The Prompt Lab — Conditional Branching Prompts Learn the conditional branching prompts prompting technique with concrete before/after examples. 2026-06-17T12:00:00.000Z The Prompt Lab The Prompt Lab prompt-engineeringtechniquestutorial

The Prompt Lab — Conditional Branching Prompts

Learn the conditional branching prompts prompting technique with concrete before/after examples.

One technique, one before/after. Get better at talking to models.

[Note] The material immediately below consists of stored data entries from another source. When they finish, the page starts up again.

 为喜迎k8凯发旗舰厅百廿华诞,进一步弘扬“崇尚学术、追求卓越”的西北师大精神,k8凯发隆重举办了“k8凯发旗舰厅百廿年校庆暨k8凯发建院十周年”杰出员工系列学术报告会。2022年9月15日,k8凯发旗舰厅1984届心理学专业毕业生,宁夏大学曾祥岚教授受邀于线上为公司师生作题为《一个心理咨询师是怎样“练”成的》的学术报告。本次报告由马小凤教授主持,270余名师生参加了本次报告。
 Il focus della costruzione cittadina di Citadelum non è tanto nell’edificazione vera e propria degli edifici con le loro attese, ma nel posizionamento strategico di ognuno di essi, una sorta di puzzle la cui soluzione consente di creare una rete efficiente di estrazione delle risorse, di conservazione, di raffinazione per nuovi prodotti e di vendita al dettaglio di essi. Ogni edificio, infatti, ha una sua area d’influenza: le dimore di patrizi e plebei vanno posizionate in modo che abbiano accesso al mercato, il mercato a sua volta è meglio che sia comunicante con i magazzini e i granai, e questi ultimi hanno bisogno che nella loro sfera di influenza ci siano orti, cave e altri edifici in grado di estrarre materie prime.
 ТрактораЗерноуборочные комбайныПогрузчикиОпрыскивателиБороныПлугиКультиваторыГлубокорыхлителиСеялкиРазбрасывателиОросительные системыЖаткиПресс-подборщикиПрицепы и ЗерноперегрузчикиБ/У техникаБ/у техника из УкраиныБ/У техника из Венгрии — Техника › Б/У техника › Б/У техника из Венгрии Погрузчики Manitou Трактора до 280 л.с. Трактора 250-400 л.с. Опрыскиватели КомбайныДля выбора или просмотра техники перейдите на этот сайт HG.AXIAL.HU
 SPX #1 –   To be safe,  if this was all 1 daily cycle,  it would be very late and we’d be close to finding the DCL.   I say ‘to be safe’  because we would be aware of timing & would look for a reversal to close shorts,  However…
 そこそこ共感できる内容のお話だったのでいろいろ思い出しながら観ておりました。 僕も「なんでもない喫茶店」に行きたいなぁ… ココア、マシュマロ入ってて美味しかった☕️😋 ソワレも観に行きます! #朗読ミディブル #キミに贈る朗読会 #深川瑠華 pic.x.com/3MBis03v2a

Conditional Branching Prompts

The Technique

Conditional branching embeds explicit if/then logic directly into your prompt, instructing the model to follow different response paths depending on what it finds in the input. This works because it offloads decision-making overhead from a follow-up prompt into the original one, letting the model self-route rather than forcing you to manually inspect output and re-prompt.

The Naive Prompt

Review this customer support email and write a response:

"Hi, I placed order #44821 three weeks ago and it still hasn't 
arrived. I've emailed twice already with no reply. I'm extremely 
frustrated and want a refund immediately."

Why It Falls Short

The model has no guidance on which kind of response to write — a de-escalation, a refund confirmation, or a hold-tight acknowledgment — so it tends to produce a generic, hedge-everything reply that doesn’t commit to any action. It also can’t adapt to information it doesn’t have (like whether the order is traceable), so it either invents confidence it shouldn’t have or produces limp non-answers.

The Improved Prompt

Review this customer support email and write a response, 
following this logic:

IF the customer has contacted support more than once with no 
resolution → open with a direct apology for the process failure 
(not just the delay), then commit to a specific next action 
within 24 hours.

IF the email contains explicit refund language → acknowledge 
the refund request directly in the first paragraph; do not 
defer it to a closing line.

IF order tracking status is unknown to you → do not invent 
a status update; instead, state that you are pulling the record 
now and will follow up within 2 hours.

Apply all conditions that match. Tone: professional but human — 
no corporate boilerplate.

Email:
"Hi, I placed order #44821 three weeks ago and it still hasn't 
arrived. I've emailed twice already with no reply. I'm extremely 
frustrated and want a refund immediately."

Why It Works

All three conditions apply here, so the model generates a response that acknowledges the process failure, surfaces the refund request immediately, and avoids fabricating a shipping status — instead of smoothing over all three issues in a single vague paragraph. You’re essentially encoding your team’s triage logic into the prompt, which produces consistent, policy-aligned output without a human reviewer making case-by-case judgment calls.

When to Use This

  • Templated workflows with variable inputs — customer support, document review, intake forms — where the right response genuinely depends on what’s in the content, and you need the model to handle multiple cases in a single pass rather than requiring a separate prompt per scenario.
  • High-stakes drafting tasks where the naive output “technically answers” but misses the most important signal (an explicit ask buried in the third sentence, a red-flag word like “refund” or “lawyer”). Conditional logic forces the model to scan for those signals explicitly.
  • Reducing prompt iteration on Claude Opus 4.8 or GPT-5.5 Pro in agentic pipelines — when a model is operating with limited human-in-the-loop checkpoints, embedding branch conditions upfront means you catch edge cases at prompt design time, not at 2am when something routes wrong.